IT seems no time at all since John McGillivray and myself climbed the steps of our ‘Tower Studio’ at Armadale Stadium for the first time.
Nevertheless, the end of another Edinburgh Monarchs’ speedway season is fast approaching.
It’s been a whirlwind few months that has given me a whole new appreciation of the sport I’ve loved since I was just 13 years old.
Last week proved an especially important meeting, and not just because of what was happening on the track- as it turned out, an easy win for the Staggs Bar Monarchs over a depleted Somerset Rebels squad.
No, it was notable because, for the first time ever, the match was being beamed live into another stadium, the Oaktree Arena, allowing Rebels’ fans to watch the unfolding action.
It was a development the club had been working towards all season and one that, I’ll admit, had the adrenalin pumping harder than normal as the countdown in our ear-pieces told John and myself that we were ‘on-air’.
For those who maybe missed earlier columns, match presentation at Armadale is broadcast live onto a large screen in the stadium, with John and myself link the races with chat and interviews, although it has proved easier to entice some riders in front of the camera, than others.

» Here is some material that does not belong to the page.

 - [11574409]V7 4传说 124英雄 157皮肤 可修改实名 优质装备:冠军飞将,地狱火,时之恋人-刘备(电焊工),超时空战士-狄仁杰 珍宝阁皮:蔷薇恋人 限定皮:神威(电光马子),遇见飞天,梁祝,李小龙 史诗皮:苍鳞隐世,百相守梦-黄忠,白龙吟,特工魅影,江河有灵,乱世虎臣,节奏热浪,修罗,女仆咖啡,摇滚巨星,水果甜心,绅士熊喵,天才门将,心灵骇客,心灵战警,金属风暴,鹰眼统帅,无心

To put it in context, the Club produces the equivalent of two hours live telly every Friday night.
They do a brilliant job too. John and I might be the faces you see on screen but without Graeme, Gordon, Rachel and Callum in the control room, all the camera operators, Bill in the referees box and the ever-willing team managers who get thrust in front of the cameras every week, there wouldn’t be anything to watch.
It’s been a real voyage of discovery for everyone - never knew I could talk coherently to camera as numerous voices shout in my ear simultaneously, although there have been occasions where I visibly jumped.

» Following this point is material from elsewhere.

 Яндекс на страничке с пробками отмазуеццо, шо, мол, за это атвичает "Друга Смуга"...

From The Tower this season, we have watched some fantastic racing, seen a few spectacular spills, thankfully without any serious injury, said farewell to the club’s legendary photographer Ron MacNeill, read out a host of birthday greetings, gone through a lot of hand-warmers and, with the aid of Jane and Molly, made a few fans better off through the Half Cut and Grand draws.

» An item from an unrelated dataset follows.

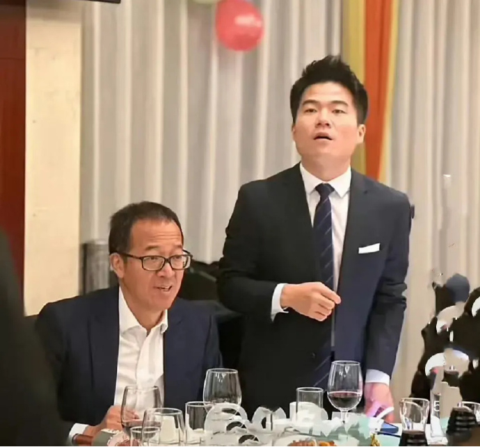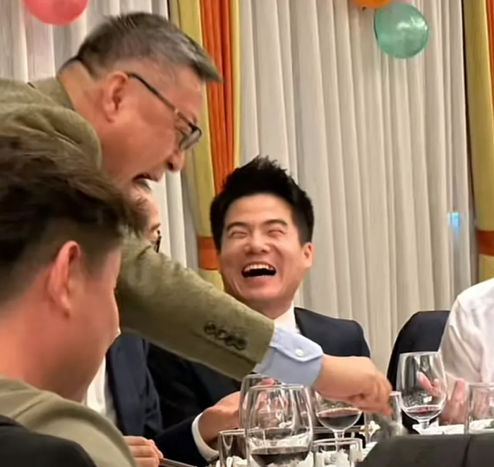 新东方CEO周成刚隔着一人给他倒酒。

All of which was, in many ways, all a ‘rehearsal’ for last Friday, a match package streamed live the length of the country.
For speedway, an expensive sport, it was a vital next step.
With teams scattered across the UK, often hundreds of miles apart, a large away gate is not always possible (it’s a long way from Edinburgh to Somerset), but just imagine if last week’s broadcast could become a regular occurrence throughout the League. It could prove the life-line many clubs are seeking, while allowing fans to follow their team’s away adventures.
Fingers crossed. Only time will tell.